Cassini Reveals the Subtle Colors of Saturn’s Rings

Saturn’s Rings Display Their Subtle Colors in Cassini Image

Saturn’s rings consist of particles varying in size from tiny grains of sand to massive mountains and are predominantly made of water ice. Scientists are still engaged in heated debate over the precise nature of the material that gives the rings their color. Credit: NASA/JPL-Caltech/Space Science Institute

Saturn’s rings display their subtle colors in this view captured on August 22, 2009, by NASA’s Cassini spacecraft. The particles that make up the rings range in size from smaller than a grain of sand to as large as mountains, and are mostly made of water ice. The exact nature of the material responsible for bestowing color on the rings remains a matter of intense debate among scientists.

Images taken using red, green, and blue spectral filters were combined to create this natural color view.

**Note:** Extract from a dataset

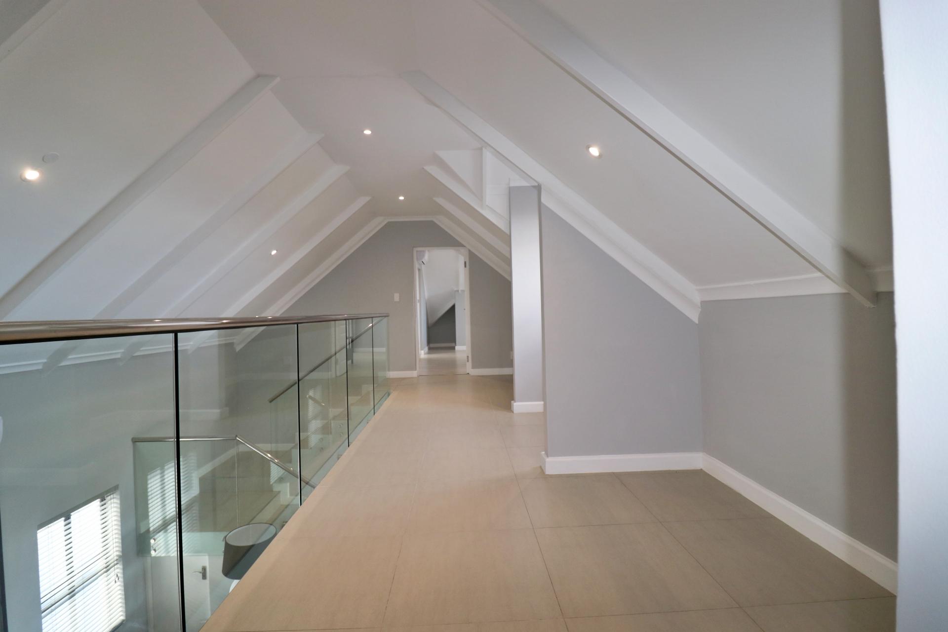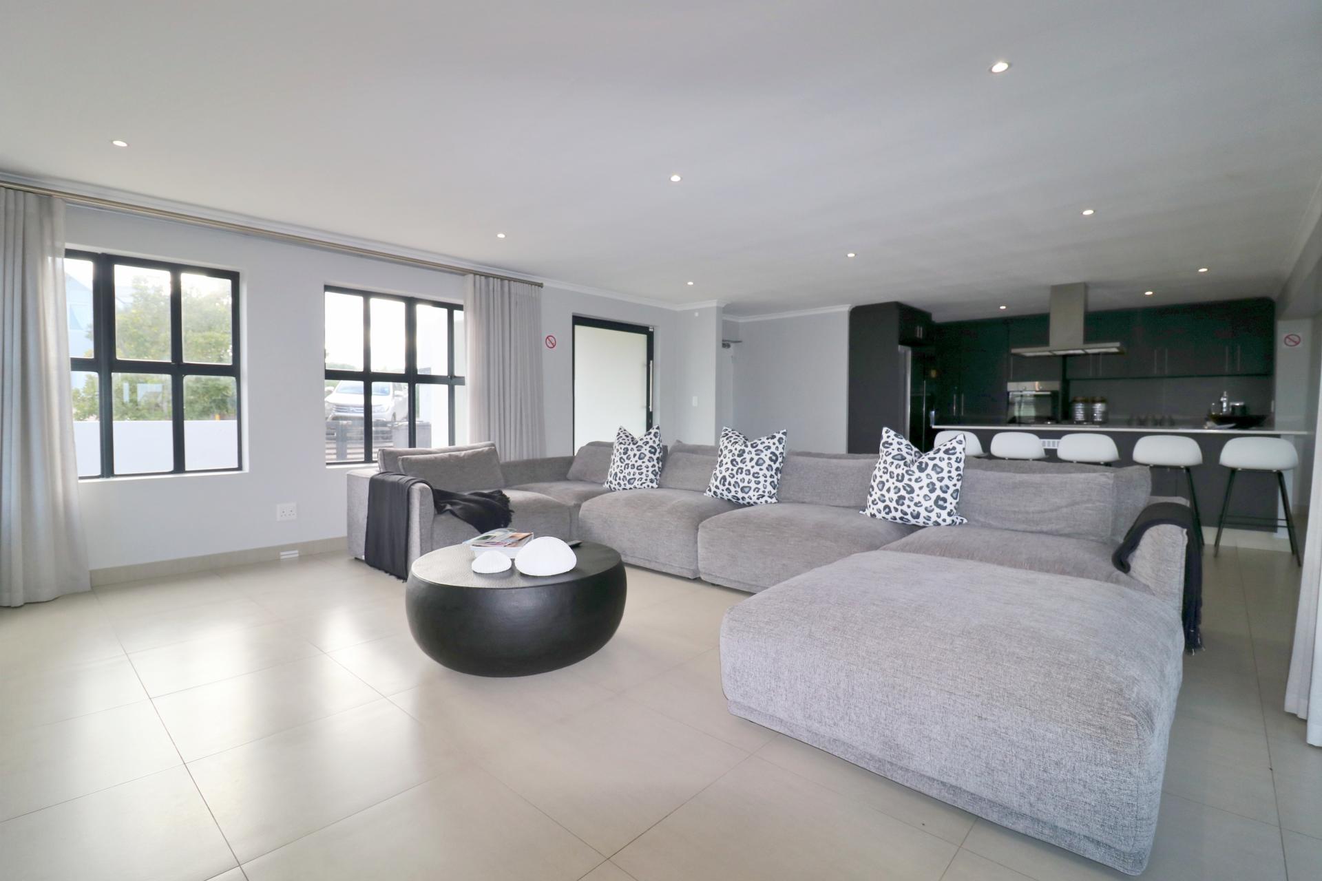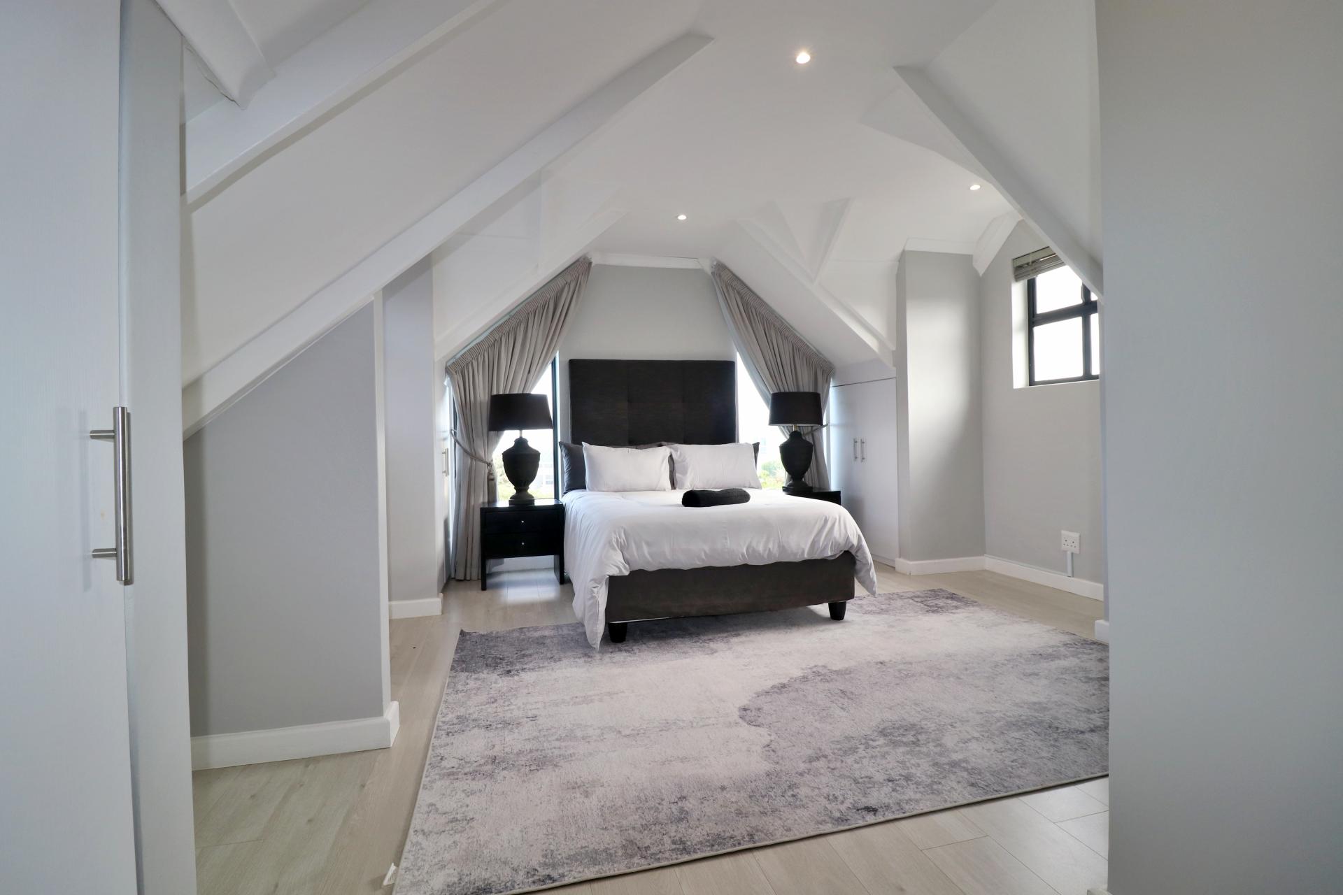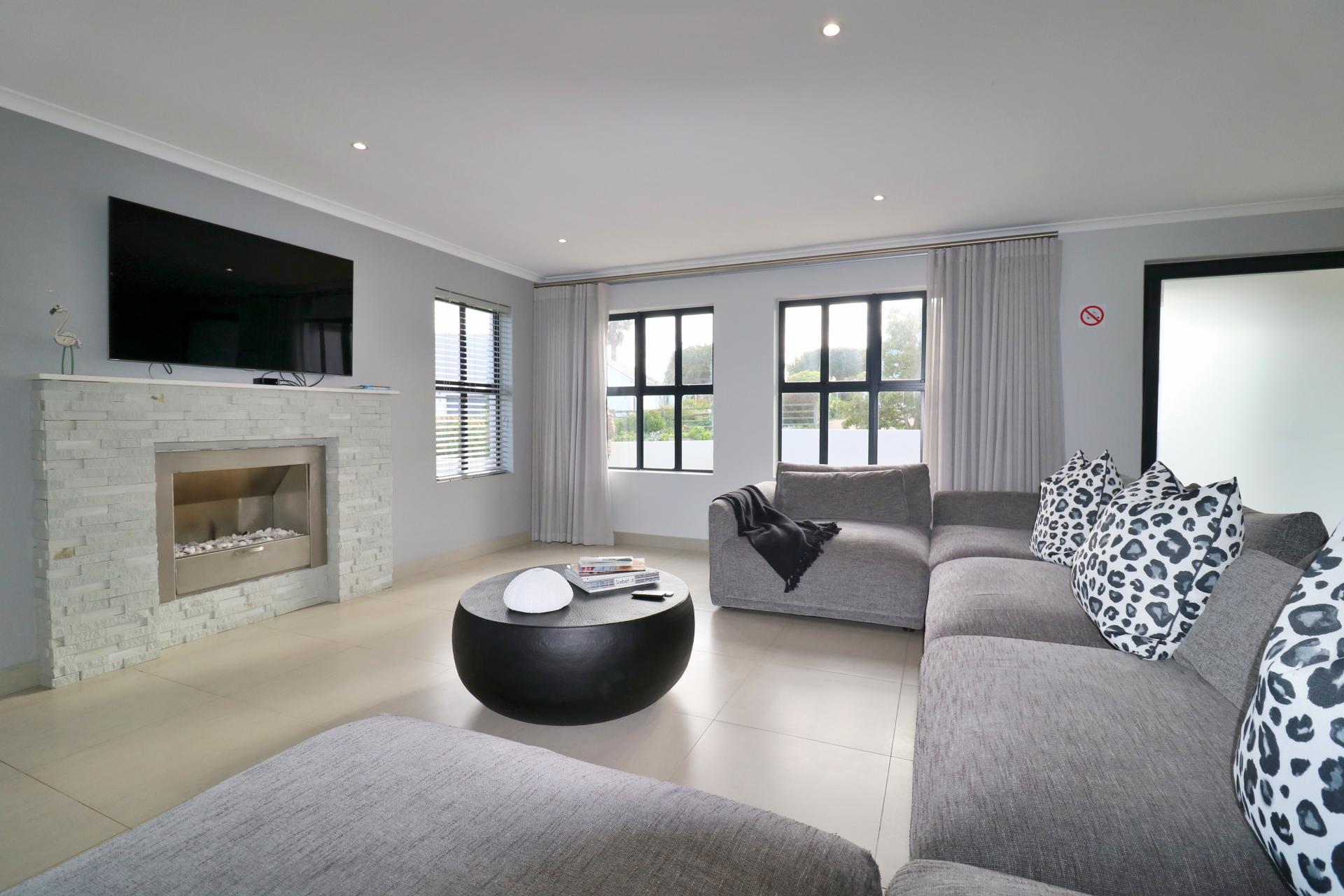Step inside to a spacious, light-filled interior where a designer kitchen takes center stage. Complete with a center island, gas hob, eye-level oven, and separate scullery, it flows seamlessly into the expansive dining space where a bold staircase of glass and steel rises like a modern artwork, setting the tone for the home’s contemporary sophistication. The living room, with its inviting fireplace, extends onto a large enclosed patio with stacker doors that connect to the garden. A second entertainment lounge with an indoor braai leads to yet another enclosed patio, both spaces flowing into the lush back garden and tranquil greenbelt beyond.

Cassini’s narrow-angle camera took the images at a distance of approximately 1.27 million miles (2.05 million kilometers) from the center of the rings.

The Cassini spacecraft ended its mission on September 15, 2017

The Cassini mission is a cooperative project of NASA, ESA (the European Space Agency), and the Italian Space Agency. The Jet Propulsion Laboratory, a division of the California Institute of Technology in Pasadena, manages the mission for NASA’s Science Mission Directorate, Washington. The Cassini orbiter and its two onboard cameras were designed, developed, and assembled at JPL. The imaging operations center is based at the Space Science Institute in Boulder, Colorado.